I classify Animism (animated ‘spirit‘ or “supernatural” perspectives). I see all religious people as at least animists, so all religions have at least some amount, kind, or expression of animism as well.

I want to make something clear as I can, as simple as I can, even though I classify Animism (animated and alive from Latin: anima, ‘breathspiritlife‘ or peoples’ “spiritual” or “supernatural” perspectives. Potentially, in some animism perceives, all things may relate to some spiritual/supernatural/non-natural inclinations, even a possible belief that objects, places, and/or creatures all possess a distinct spiritual essence, and/or thinking things like all things—animals, plants, rocks, rivers, weather systems, human handiwork, and perhaps even words— could be as animated and alive ref) as the first expression of religious thinking or religion, it is not less than, nor is it not equal to any other religion, or religious thinking. I see all religious people as at least animists any way, so everyone is at least animist, how could it be less than other religions as all other religions have at least some amount, kind, or expression of animism. Animism, +? is what I think about all that say they are spiritual or religious in thinking. Regardless if they know it, understand it, or claim it, they all, to me, an animistic-thinker, plus a paganistic, totemistic, and shamanistic-monotheist, calling themselves a Christian, Jew, or Muslim, as an example of my thinking. Animism (is the other-then-reality thinking relates to, thus it is in all such non-reality thinking generally.

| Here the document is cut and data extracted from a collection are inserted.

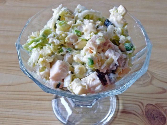 Свежий салат с пекинской капустой, огурцом и варено-копченым мясом. Можно брать свинину или говядину.
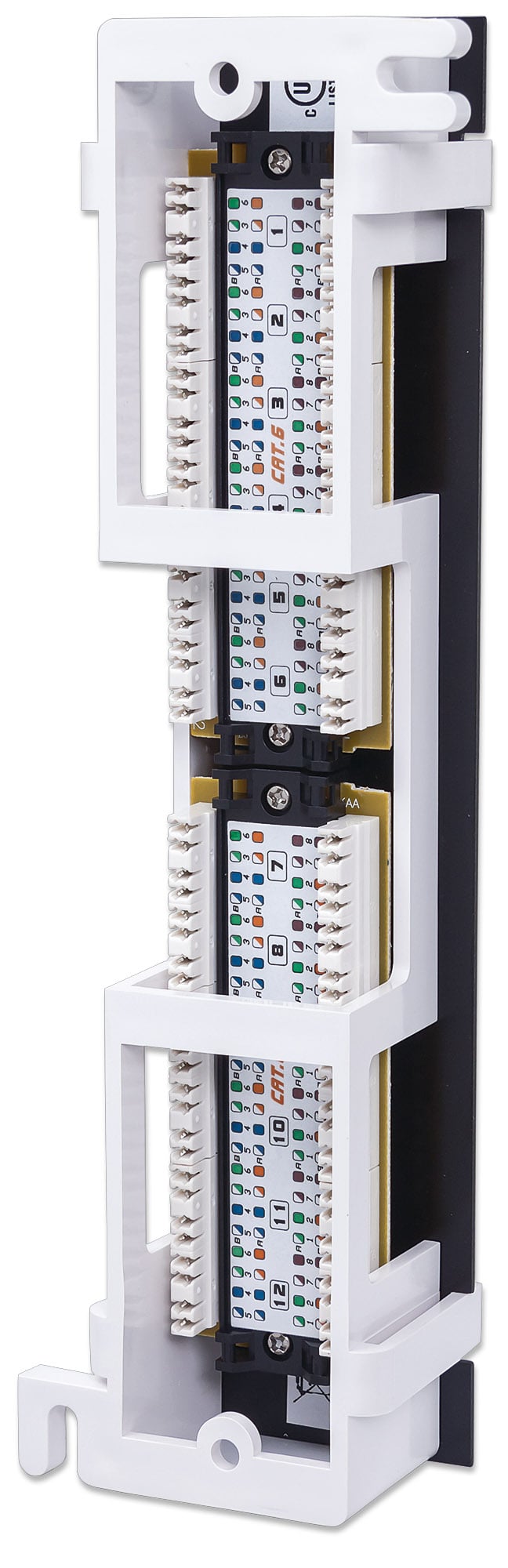 Pannello Patch 12 Porte UTP Cat6 Installazione a MuroTerminazioni sicure perchè i contatti della presa sono doratiCompatibile sia con inseritori 110 che KroneDa usare con cavo rigido e flessibile da 22 a 26 AWGDa utilizzare con cavo Cat6 non schermato a coppie ritorte (UTP)Le prestazioni della Cat6 sono conformi agli standard ANSI/TIA/EIA 568 B.2-1Ideale per applicazioni di rete Ethernet, Fast Ethernet, e Gigabit Ethernet Collega le porte RJ-45 alla rete
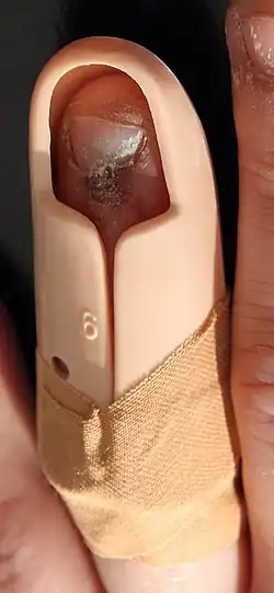 Die Schiene kommt auch bei der Behandlung von Nagelkranzfrakturen der Finger zur Anwendung.
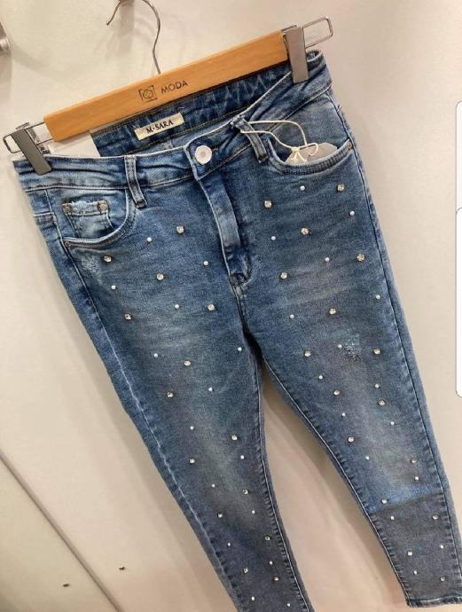Nove ženske traperice sa cirkonima,ne nošene. visoki struk

Furthermore, I actually am impressed by animist cultures in Africa, others have seen them as primitive or something, help with that, they are revolutionaries with women’s rights, child rights. I mean if I had to choose a religion it would be animism only like in Africa so I don’t look down on them nor any indigenous peoples, who I care about, as well as I am for “humanity for all.” I challenge religious Ideas, and this is not meant to be an attack on people, but rather a challenge to think or rethink ideas, I want what is actually true. May we all desire a truly honest search for what is true even if we have to update what we believe or know. I even have religious friends, as I am not a bigot. 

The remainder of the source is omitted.